J’aime avoir trois fonds car cela offre un peu de diversification et ça m’aide aussi à acheter à bas prix.

Comme je gagne encore de l’argent, je ne vends rien et je me rééquilibre simplement avec de l’argent neuf.

Chaque mois, je branche mes chiffres dans une feuille de calcul et il me dit comment ma répartition est décousue et ce que je dois acheter pour le corriger.

Voici une version simplifiée de cette feuille de calcul que j’ai créée pour partager avec vous:

Pour télécharger une copie de cette feuille de calcul, entrez votre adresse e-mail ci-dessous:

Une fois que vous avez téléchargé la feuille de calcul, mettez simplement à jour les chiffres ombrés en vert et il vous indiquera où vous devez déployer votre argent.

Par exemple, lorsque le fonds boursier international ne fonctionnait pas aussi bien que mon fonds boursier total (comme cela a été le cas au cours des dernières années), je savais que tout nouvel argent que je gagnais devrait aller dans le fonds international pour l’apporter. revenir en ligne avec mon allocation cible.

Comment cela me pousse à faire la bonne chose

Il a été difficile d’investir au cours des dernières années, car les marchés montent depuis si longtemps et tout semble cher.

Quand je suis passé à ce système, c’est devenu plus facile car il y avait toujours quelque chose qui avait l’air bon marché (même si le bon marché n’était que relatif).

Donc, même lorsque les trois classes d’actifs étaient en plein essor (c’est-à-dire les actions, les actions internationales et les obligations), l’une d’entre elles aurait été à la traîne par rapport aux autres, donc elle aurait l’air bon marché par rapport aux autres options et je n’aurais aucun mal à l’acheter. Le désir de remettre mon portefeuille en ligne avec mon allocation cible a facilité la mise d’argent sur un marché en surchauffe.

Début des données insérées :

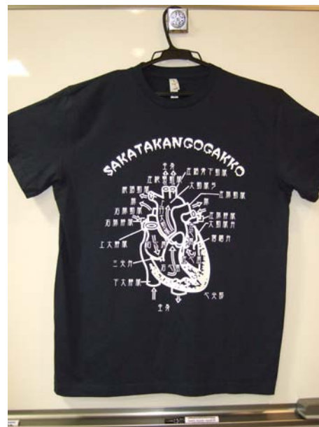
ちょっとグロテスク…？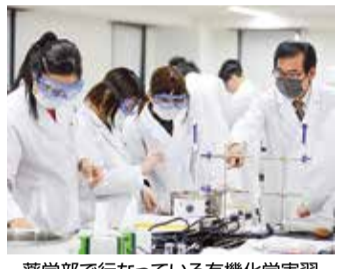
薬学部で行なっている有機化学実習

湘南医療大学入試事務室 045-821-0115 横浜市戸塚区上品濃16の48 東戸塚駅西口から徒歩15分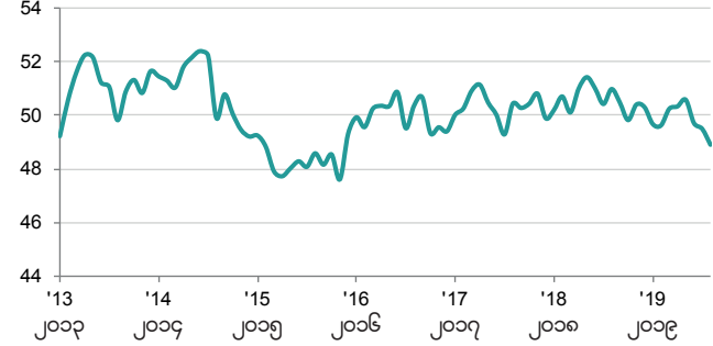
အာဆီယံ ထုတ်လုပ်မှု PMI ရာသီအလိုက် ညွှန်န်း >၅၀ =ယခင်လ နောက်ပိုင်း တိုးတက်ခဲ့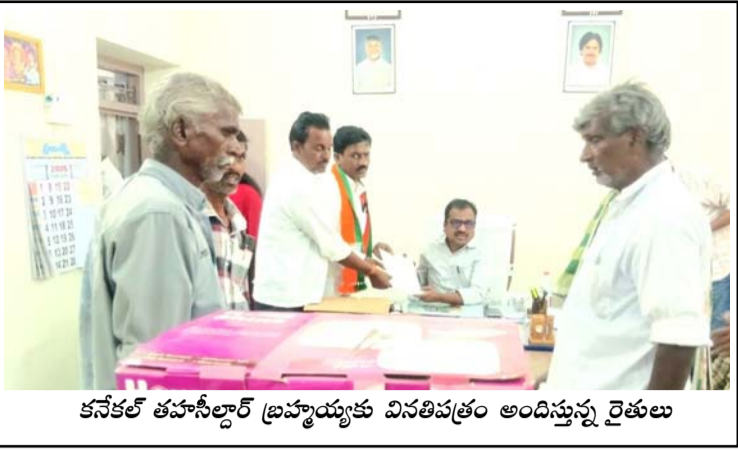
కనెక్ట్ తహసీల్దార్ బ్రహ్మయ్యకు వినతిపత్రం అందిస్తున్న రైతులు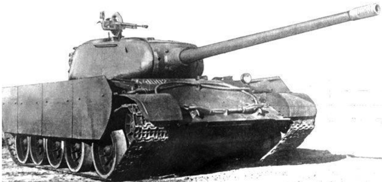
Т-44-100, вооружённый орудием ЛБ-1

Единственной причиной столь длительной задержки наступления может быть только отсутствие необходимого количества техники, и прежде всего танков. А нехватка танков в 1944 году могла быть вызвана переналадкой производства под выпуск новых образцов.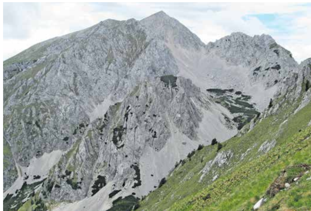
Pogled na Stol s poti na Zelenico. Dobro je vidna dolina, po kateri sestopamo, če se vračamo v Medvedji dol.

Pri večjem balvanu se desno odcepi pot proti Zelenici, mi pa gremo v smeri Celovške koče/Klagenfurt Hütte. Prečimo melišče in se po grapi

Et faire cela était le bon choix parce que les marchés montaient bien plus longtemps que je ne le pensais.

Consultez ce courriel du lecteur Mad Fientist d’avril 2014 (il y a 6 ans!):

… Étant donné que le dow et le s & p doivent être corrigés, recommanderiez-vous de garder un peu d’argent en marge jusqu’à ce que cela se produise?

Et voici ma réponse:

… Le timing du marché est un jeu de perdant, donc j’essaie toujours de mettre mon argent sur le marché dès que possible. Si vous regardez en arrière en avril de l’année dernière, je parie que vous auriez pensé qu’un retrait était imminent et comme nous le savons, ce n’était pas le cas. Le marché a progressé depuis lors, donc si vous aviez attendu un recul, vous attendriez toujours. De plus, comment saurez-vous qu’il s’agit d’un recul réel et pas seulement d’une baisse de jour / semaine? Combien de temps attendriez-vous avant de mettre votre argent? Et si le marché montait avant vous? Il n’y a aucun moyen de savoir ce qui va se passer, donc tout type de timing est une stratégie sous-optimale à long terme.

Il a été difficile d’envoyer cette réponse parce que je pensais moi aussi que le marché haussier avait duré longtemps, alors je m’attendais à un recul. Mais je savais qu’essayer de synchroniser le marché était une mauvaise idée, alors j’ai continué à mettre de l’argent de toute façon et j’ai continué à recommander aux lecteurs de faire de même.

Je suis content de l’avoir fait parce que le marché a continué à monter jusqu’à ce qu’il atteigne son plus haut du 19 février de cette année, gagnant encore 80% +!

Cours des actions avant et après e-mail

Cours des actions avant et après le courrier électronique (flèche verte)

Le fait est que vos émotions essaient de vous forcer à changer vos actions, mais les systèmes et les règles vous aident à lutter contre cela.

Pourquoi ces pourcentages?

Je n’ai pas beaucoup réfléchi aux pourcentages que j’ai choisis parce que je suis plus soucieux de respecter les pourcentages que de choisir les pourcentages parfaits.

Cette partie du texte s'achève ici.